Who doesn’t like trees? Planting them is a rare climate policy with support across the political spectrum. Many plans to cut emissions, whether government or corporate, include a promise to plant trees, a lot of them. As one ecologist quipped: “There’s no anti-tree lobby.”

The planet has an estimated three-trillion trees – and after centuries of concerted effort to cut as many down as possible, there’s now a frenzy of reforestation proposals. There’s Trillion Trees, a program backed by the conservation groups like the World Wildlife Fund. The World Economic Forum in 2020 promoted a plan to “grow, restore and conserve” a trillion trees. Australia wants to plant one billion over a decade. And in Canada’s 2019 federal election, the Liberals promised two billion by 2030.

These numbers are at once big and small. Ottawa says two billion trees would cover an area of 11,000 square kilometres, twice the size of Prince Edward Island. But PEI is a fraction of a fraction of one per cent of Canada’s land mass. And two billion trees is only 40 per cent more than the number of trees expected to be planted absent any new policy. Canada’s forests are estimated to be home to more 300 billion trees – so adding two billion more, while worthy, is basically a rounding error.

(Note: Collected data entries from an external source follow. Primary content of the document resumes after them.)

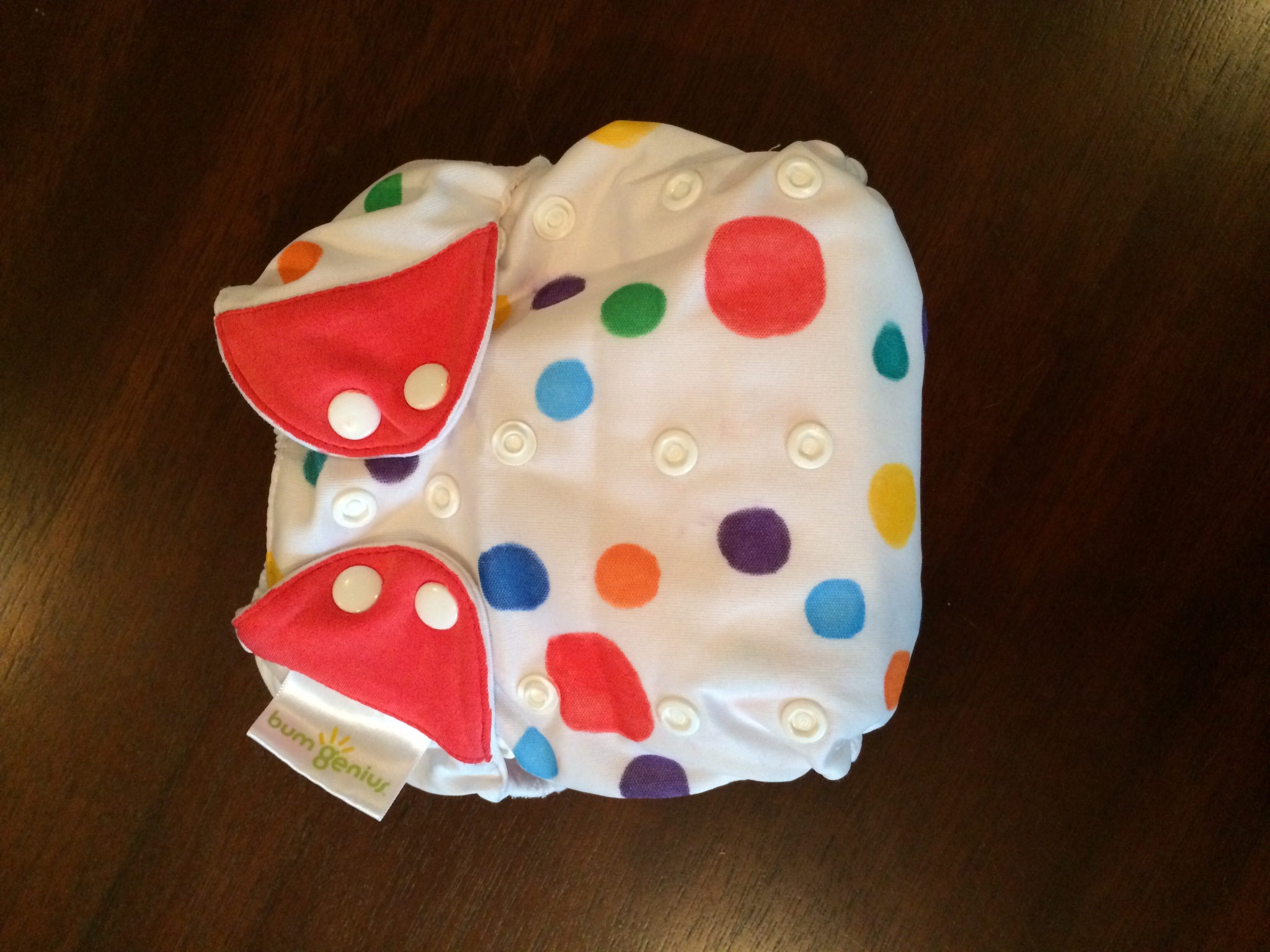 Ok, I'm totally going to AW it up today! First up, E in a tots bots borrowed from a friend. She's too clever for aplix though, so I'm trying it on P next. Second is P, giving mommy a grin in a BG hummingbird. Third and fourth I am AWing my BFF's fabric marker skills with a hand drawn tie dye and polka dots in white BGs. This entire post is brought to you by my BFF. She kicks ass.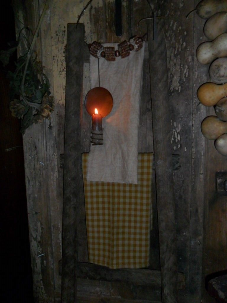 Primitive Ladder Type Rack,Old Tobacco Lath, Reflector Candle,Towels,Cob Garland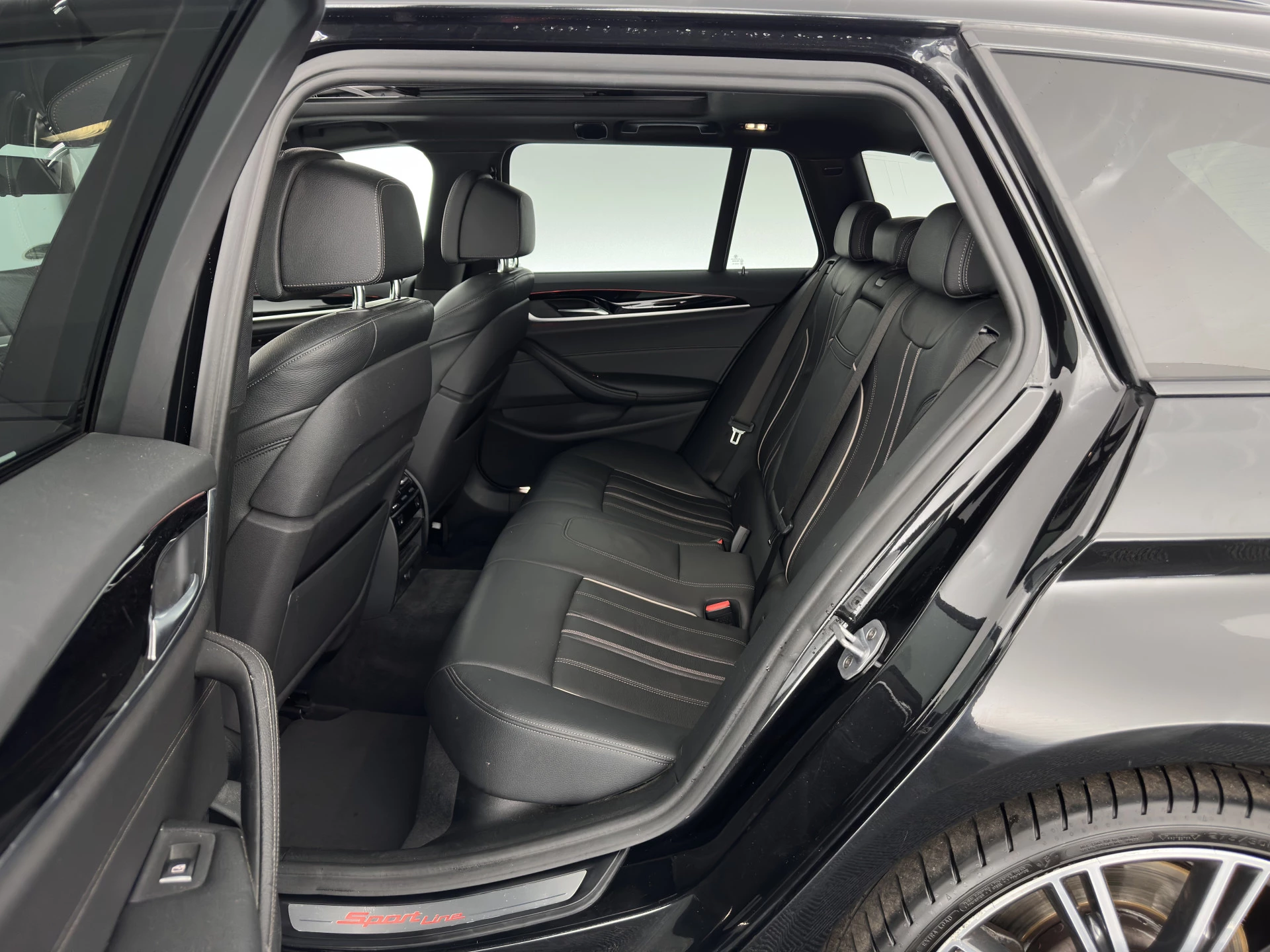 ⭐ BMW 5-serie Touring 530d M-Sport High Executive – Automaat | in Black Sapphire Metallic met Luxury-Leather Dakota zwart met exclusief wit stiksel | Krachtig, Luxe & Sportief

The Liberals’ “2BT” program officially started in late 2020, with a promised investment of $3.2-billion over a decade. While benefits of trees are many – they sure make cities nicer places to live – climate is at the fore of all the recent promises. “There is no path to net-zero emissions that does not involve our forests,” the Trudeau government said.

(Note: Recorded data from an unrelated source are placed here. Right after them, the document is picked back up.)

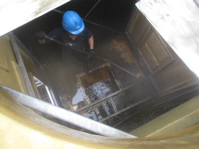 냉각탑 세척 중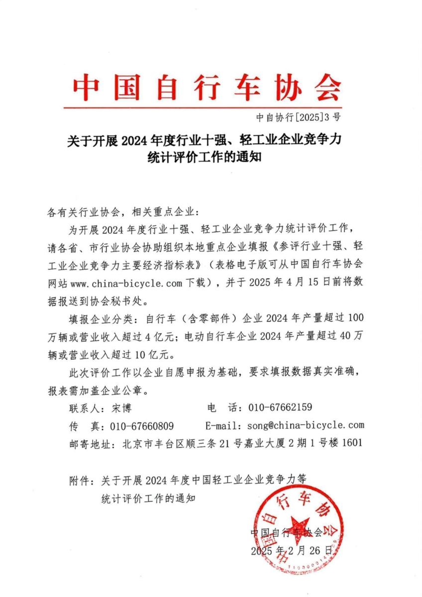 关于开展2024年度行业十强、轻工业企业竞争力统计评价工作的通知 来源:中自协 作者: 发布时间:2025-02-27 14:29 附件: 1、关于开展2024年度中国轻工业企业竞争力等统计评价工作的通知 2、2024年度行业十强及百强企业报名表
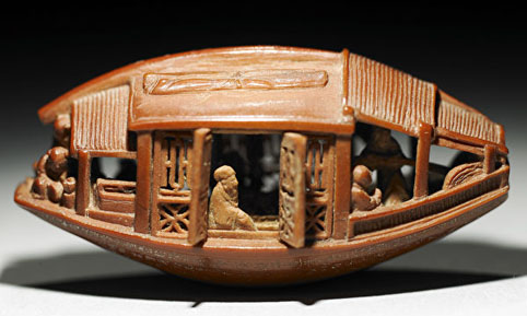 明朝纸币上出现一项绝巧的工艺──微雕。微雕技师一般多精通绘画、书法、雕刻等艺术。图为清 乾隆二年 陈祖章 雕橄榄核舟(底刻“后赤壁赋”全文)。(公有领域)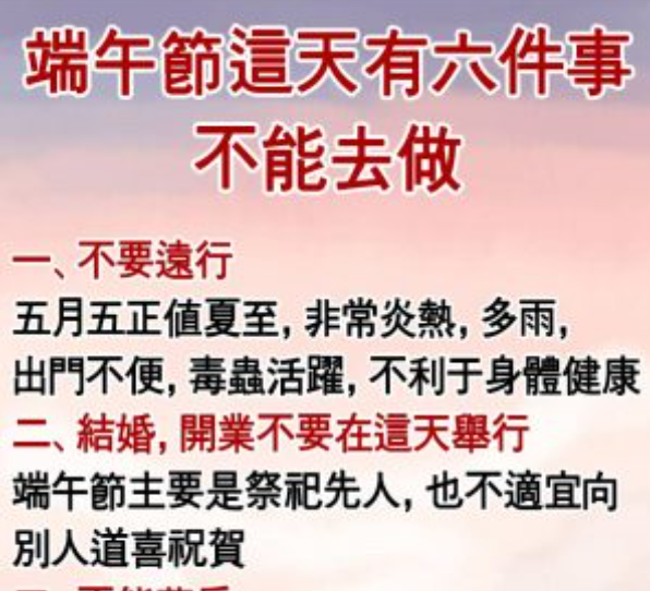 農曆五月五日又被稱為「惡月惡日」,在這天不宜舉辦任何婚喪喜慶或開工開業,以免沾染穢氣、招致厄運,除了端午節,訂婚也應盡量避免三、七、九這三個月,因為這三個月分別含有清明、盂蘭、重公等「鬼節」,新人們請筆記起來!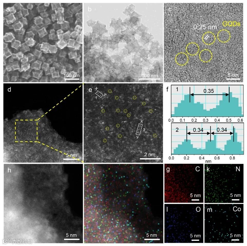 高分辨透射电镜(HR-TEM)和像差校正大角度环形暗场扫面透射电镜(AC-HAADF-STEM)图谱显示均匀分散的GQDs,其晶格间距为0.25 nm,说明GQDs的引入参与构建了局部导电网络,实现了碳缺陷的修复。同时,AC-HAADF-STEM图像显示G-CoNOC中存在大量高度分散的亮点,表明碳基体中存在致密的单原子Co活性位点(图3)。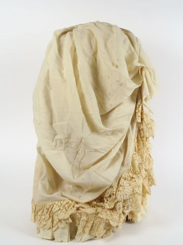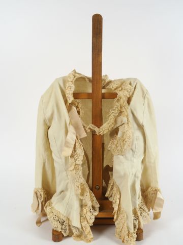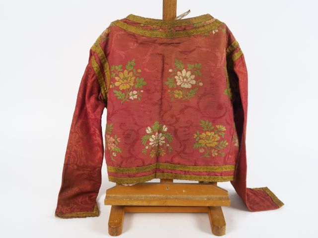 Lot comprenant une robe de femme en deux parties, jupe et haut griffés madame Brais Alain 22 rue Grégoire fin du XIXème, grosse dentelle mécanique en bordure, pouf sur les fesses. On joint une veste de comédie en partie XVIIIème siècle dans le gout turc, une jupe montée à plis canons première partie du XIXème, soie changeante rayée or et brun petite largeur deux poches plaquées à l'avant.
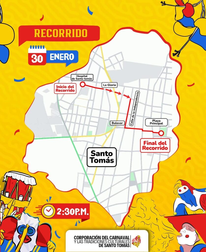 La concentración de las reinas intermunicipales y los grupos folclóricos será a las dos de la tarde frente al Hospital Local. El desfile se inicia a las tres de la tarde, bajando por toda la carrera 12, hasta la calle 8 la carretera, donde dobla para llegar al boulevard, frente al cementerio municipal y baja por toda la carrera 11, pasa por la calle 5, luego llega a la 4 hasta la Plaza Principal.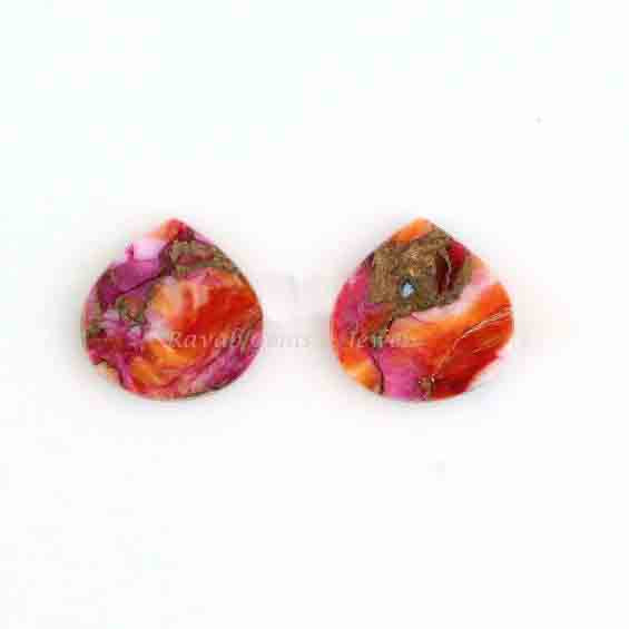 Purple Orange Oyster Dahlia Copper Turquoise Gemstone, 12mm Heart Shape Flat Calibrated Stones, Beads Stones For Jewelry Making - 2 Pcs Set

All those new trees are supposed to deliver, by 2050, an annual cut to greenhouse gases of 12 megatonnes. Canada’s emissions in 2020 were 672 MT, so 12 MT is less than 2 per cent of the current total. Even the Trudeau government’s big planting strategy knows that trees, via their ability to remove carbon dioxide from the air through photosynthesis, are only a small part of GHG reductions.

And planting trees at a massive scale, enough to suck up significant GHGs, is a lot harder than it sounds.

Just 29 million trees went in the ground in 2021, the first planting year of Ottawa’s two billion tree plan. Three-quarters of the trees won’t be planted until the back half of the decade.

Tree planting as a carbon-reduction strategy has been hyped for years, with its serious limitations rarely acknowledged – remember, there is no anti-tree lobby. But a commentary last year in Nature, looking at Microsoft’s net zero investments, including “offsets” against emissions, found decidedly mixed results. The report included a reminder that current strategies to abate global warming by removing and storing carbon represent “a tiny proportion” of required cuts to GHG emissions.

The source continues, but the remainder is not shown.